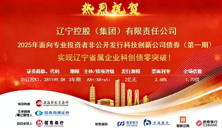 12月29日,辽控集团在上海证券交易所成功发行2025年第一期科技创新公司债券,发行规模2亿元,债券期限3年期,票面利率2.68%。此次发行实现辽宁省属企业科技创新公司债券“零突破”,是集团践行国家战略、发挥国有资本平台优势、以资本赋能产业升级的具体实践,也为辽宁省产业转型升级注入强劲金融动力。
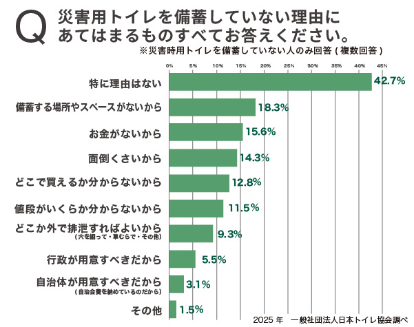 防災トイレを備えていない理由として多く挙げられているのは、「必要性を感じていないから」ではありません。調査では、「どこで買えばいいか分からない」「保管場所や管理が不安」といった声が多く見られます。
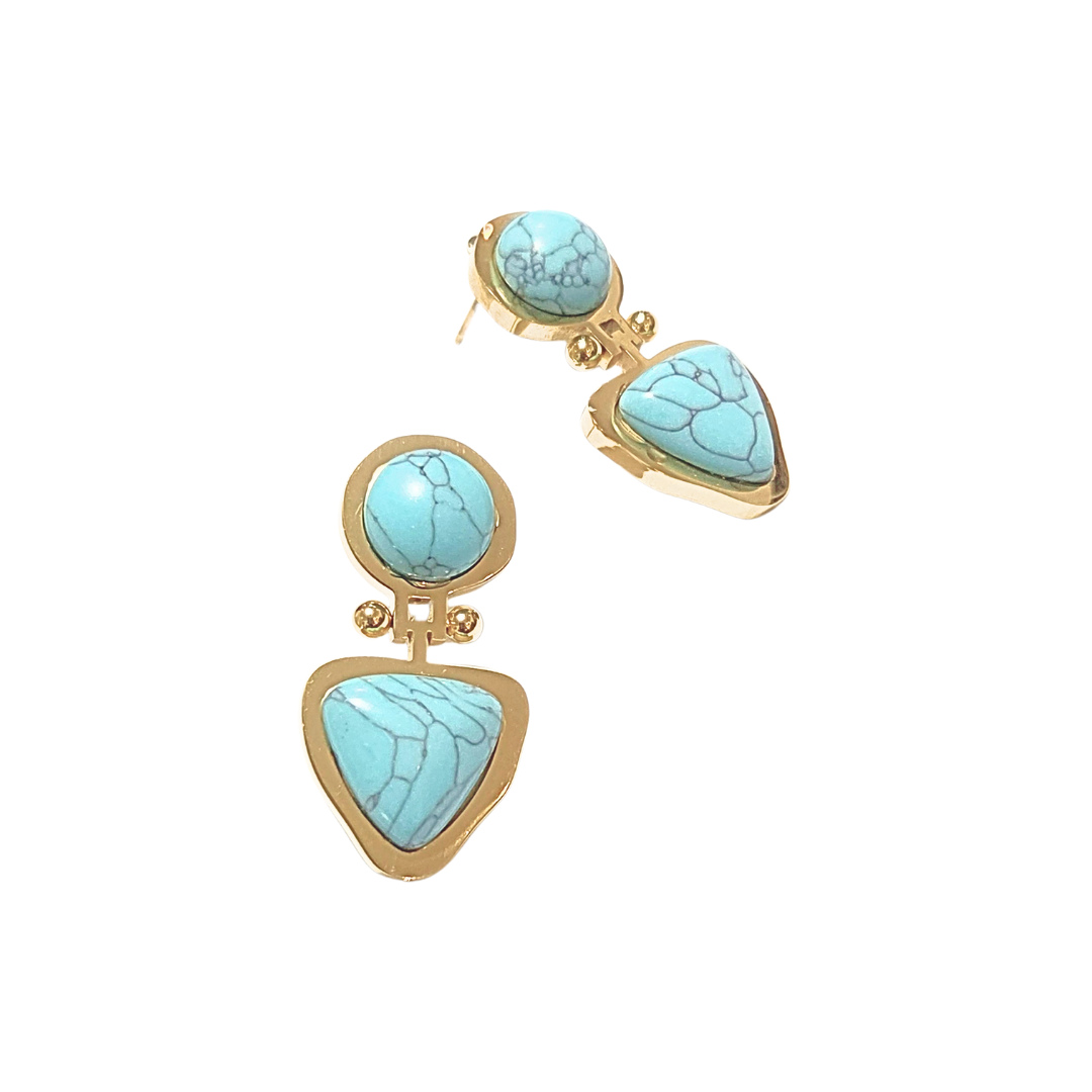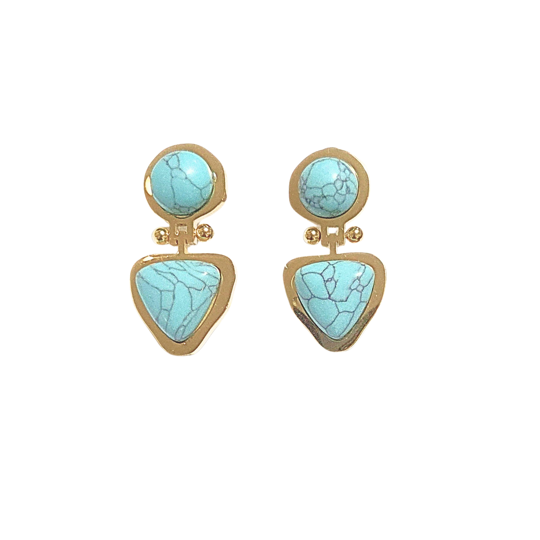Aretes pegaditos redondos, con pieza triangular colgante
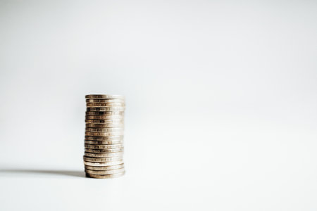 A series of coins organized in progressively taller stacks, representing financial growth and investment potential, set against a minimalistic light background.

# # # # #

Line by line, reproduce exactly the lines from the one containing "Aretes pegaditos redondos, con" through the final line of the material, both included, leaving every picture out.

Written response →
Aretes pegaditos redondos, con pieza triangular colgante
 A series of coins organized in progressively taller stacks, representing financial growth and investment potential, set against a minimalistic light background.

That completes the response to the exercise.